To most people, someone who would drop everything and help a perfect stranger would be considered a hero, or crazy. All over Pennsylvania hundreds of thousands of volunteer firefighters respond to their community's emergencies, day and night, and for nothing more than the satisfaction of helping their neighbors. Pennsylvania has the largest number of volunteer fire fighters, and I am proud to consider myself one of them. Someone may call them their hero, I call them my family. There is a special type of camaraderie between Fire Fighters, especially volunteers. The commitment, sacrifice and love for the art are what sets volunteers apart from the rest. A lot of times people do not understand what a volunteer fire fighter goes through, I can only describe it as a NASCAR driver, racing 24 hours a day and not getting paid.As for me, my journey as a volunteer fireman began at an early age. My family was always a part of the fire service and I was introduced to it by spending time with my cousin at the firehouse. Being around the men there, and seeing their passion, I fell in love with the idea of giving back to my community. Ever since then I counted down the days until I came of age to join my local fire company. Beginning at an early age it gave me a new respect for what these men and women do, and I helped out around the station and at calls as much as I could. At first I couldn't do much, but as I became older and took more classes I eventually became part of an elite and respected part of the community.

For the past four years I have been training and taking classes at Bucks County Community College alongside people form not only my station, but stations all around Bucks, Lehigh and Montgomery counties. Most of these men and women have full time jobs and families on top of these demanding classes. I became accustomed to getting home from school, doing homework, shoveling down what ever I could find in the refrigerator and going off to school again. Often the classes went to eleven or so at night.

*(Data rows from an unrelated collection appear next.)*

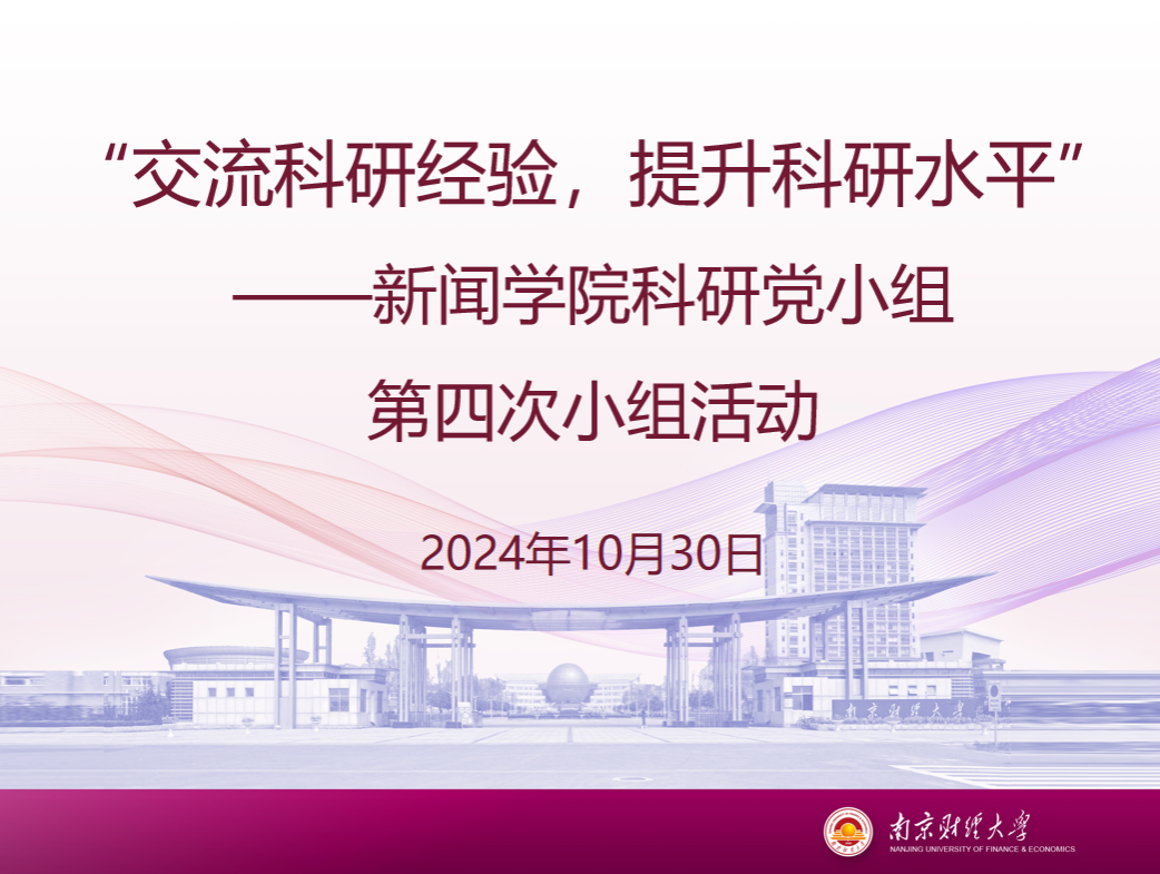 10月30日下午,新闻学院科研党小组在德正楼503会议室以“交流科研经验,提升科研水平”为主题开展了第四次党小组活动。会议由科研党小组组长张勇丽主持,全体科研党小组成员参加会议。
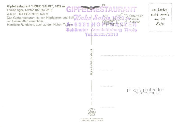 72943254 Hopfgarten Brixental Gipfelrestaurant Hohe Salve postalisch nicht gelaufen Erhaltung siehe scans [KathaD81] KatCode: 11390335070406
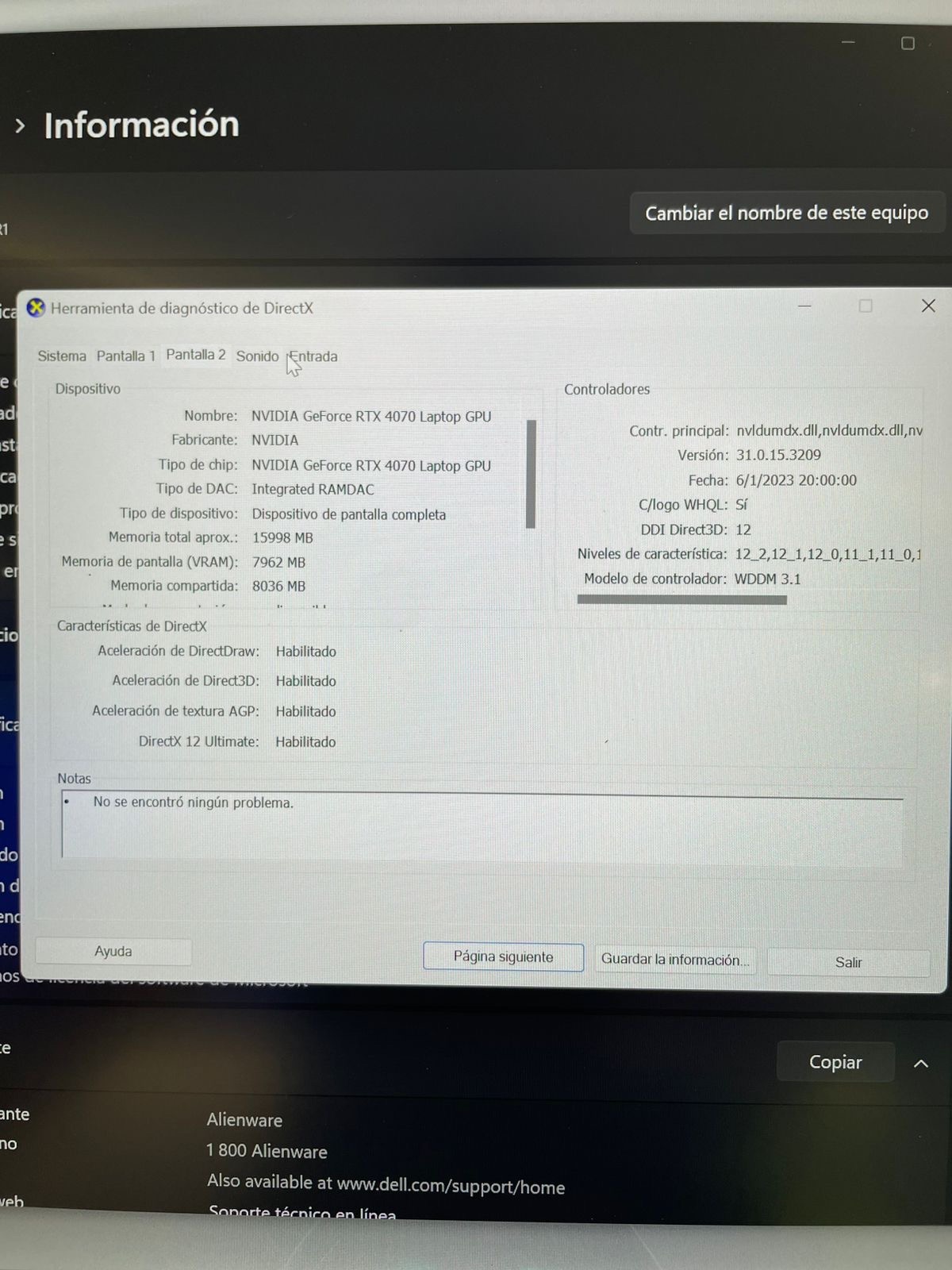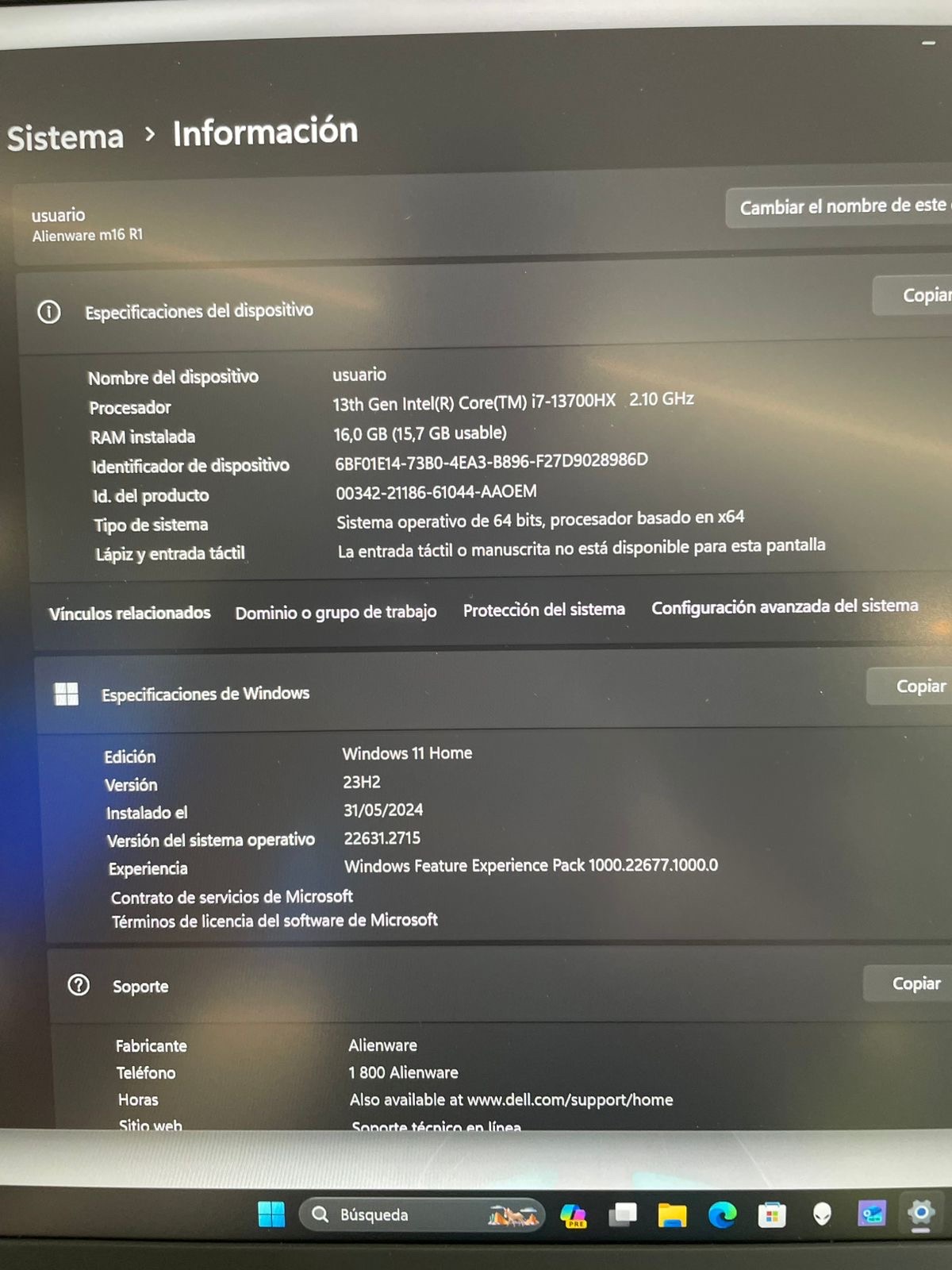 LAPTOP ALIENWARE 13th generación INTEL CORE i7 RTX 4070 16Gb de ram 1Tb SSD

Some people may find it strange that my biggest fear isn't being injured on a call. My biggest fear is in fact, pulling up on a scene of an emergency and not being able to help someone. That helpless felling is something every firefighter is terrified of. That I feel, is why I press myself to learn everything I can, and I'm sure the rest of my company thinks the same way I do.

I encourage anyone, who even has a slight interest in the fire service to contact their local company, and set up a tour of the Fire House, and meet the men and women who are protecting you and your loved ones. Who knows, maybe you will fall in love the same way I have.